• **WHAT IS NEEDED**: Write out nothing except the lines running from the one containing "2ـ گـروه دوم،" to the last line of the data, exactly as they stand.

[[ SUPPLIED RECORDS, beginning ]]

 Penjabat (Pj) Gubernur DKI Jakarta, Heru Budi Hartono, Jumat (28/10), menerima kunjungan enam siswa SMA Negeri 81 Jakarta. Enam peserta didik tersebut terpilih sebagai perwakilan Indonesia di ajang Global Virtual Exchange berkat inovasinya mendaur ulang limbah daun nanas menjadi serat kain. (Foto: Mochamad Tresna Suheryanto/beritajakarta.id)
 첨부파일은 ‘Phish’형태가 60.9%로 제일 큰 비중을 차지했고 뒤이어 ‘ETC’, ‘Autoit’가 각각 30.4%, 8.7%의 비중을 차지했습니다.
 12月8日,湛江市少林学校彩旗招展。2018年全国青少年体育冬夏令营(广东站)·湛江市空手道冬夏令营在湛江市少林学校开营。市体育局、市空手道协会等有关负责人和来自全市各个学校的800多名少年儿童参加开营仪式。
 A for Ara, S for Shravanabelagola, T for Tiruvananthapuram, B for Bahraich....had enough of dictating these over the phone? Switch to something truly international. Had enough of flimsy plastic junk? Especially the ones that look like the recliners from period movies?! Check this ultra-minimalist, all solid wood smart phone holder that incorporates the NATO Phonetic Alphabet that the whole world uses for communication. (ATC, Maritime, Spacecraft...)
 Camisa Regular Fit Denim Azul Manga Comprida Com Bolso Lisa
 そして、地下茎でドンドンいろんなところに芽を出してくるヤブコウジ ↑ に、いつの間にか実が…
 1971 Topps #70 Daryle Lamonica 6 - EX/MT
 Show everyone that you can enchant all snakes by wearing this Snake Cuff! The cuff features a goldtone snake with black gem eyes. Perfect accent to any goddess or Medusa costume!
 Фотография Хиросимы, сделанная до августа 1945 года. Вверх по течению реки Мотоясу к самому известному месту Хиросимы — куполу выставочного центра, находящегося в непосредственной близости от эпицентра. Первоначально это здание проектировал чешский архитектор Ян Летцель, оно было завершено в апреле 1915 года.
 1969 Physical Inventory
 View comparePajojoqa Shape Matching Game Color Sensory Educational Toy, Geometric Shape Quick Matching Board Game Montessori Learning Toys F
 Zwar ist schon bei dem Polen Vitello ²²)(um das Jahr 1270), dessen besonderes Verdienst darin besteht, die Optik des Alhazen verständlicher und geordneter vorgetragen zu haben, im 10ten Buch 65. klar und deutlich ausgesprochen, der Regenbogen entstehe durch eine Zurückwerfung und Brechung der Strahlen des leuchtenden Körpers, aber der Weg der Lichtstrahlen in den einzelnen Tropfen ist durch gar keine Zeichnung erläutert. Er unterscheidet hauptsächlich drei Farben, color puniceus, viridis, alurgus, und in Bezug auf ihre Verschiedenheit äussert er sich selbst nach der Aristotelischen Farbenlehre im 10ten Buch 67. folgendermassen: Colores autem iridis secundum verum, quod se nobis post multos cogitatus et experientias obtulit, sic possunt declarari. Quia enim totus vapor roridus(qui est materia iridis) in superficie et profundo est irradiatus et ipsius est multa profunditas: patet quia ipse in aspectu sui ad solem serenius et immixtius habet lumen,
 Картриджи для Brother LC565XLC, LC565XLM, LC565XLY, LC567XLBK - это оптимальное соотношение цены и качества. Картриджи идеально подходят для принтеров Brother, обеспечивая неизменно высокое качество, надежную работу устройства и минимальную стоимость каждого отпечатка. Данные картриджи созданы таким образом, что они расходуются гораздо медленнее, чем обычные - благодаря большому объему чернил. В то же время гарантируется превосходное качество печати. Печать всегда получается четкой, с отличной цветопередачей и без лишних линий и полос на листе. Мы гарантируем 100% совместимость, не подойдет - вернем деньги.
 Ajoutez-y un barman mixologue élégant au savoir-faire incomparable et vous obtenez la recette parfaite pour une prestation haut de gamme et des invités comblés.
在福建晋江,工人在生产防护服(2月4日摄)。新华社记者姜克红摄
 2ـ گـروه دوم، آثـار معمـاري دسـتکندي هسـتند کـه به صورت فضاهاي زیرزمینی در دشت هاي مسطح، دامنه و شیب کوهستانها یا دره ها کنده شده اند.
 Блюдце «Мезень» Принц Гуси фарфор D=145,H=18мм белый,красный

[[ SUPPLIED RECORDS, end ]]

• **WRITTEN SOLUTION**:
 2ـ گـروه دوم، آثـار معمـاري دسـتکندي هسـتند کـه به صورت فضاهاي زیرزمینی در دشت هاي مسطح، دامنه و شیب کوهستانها یا دره ها کنده شده اند.
 Блюдце «Мезень» Принц Гуси фарфор D=145,H=18мм белый,красный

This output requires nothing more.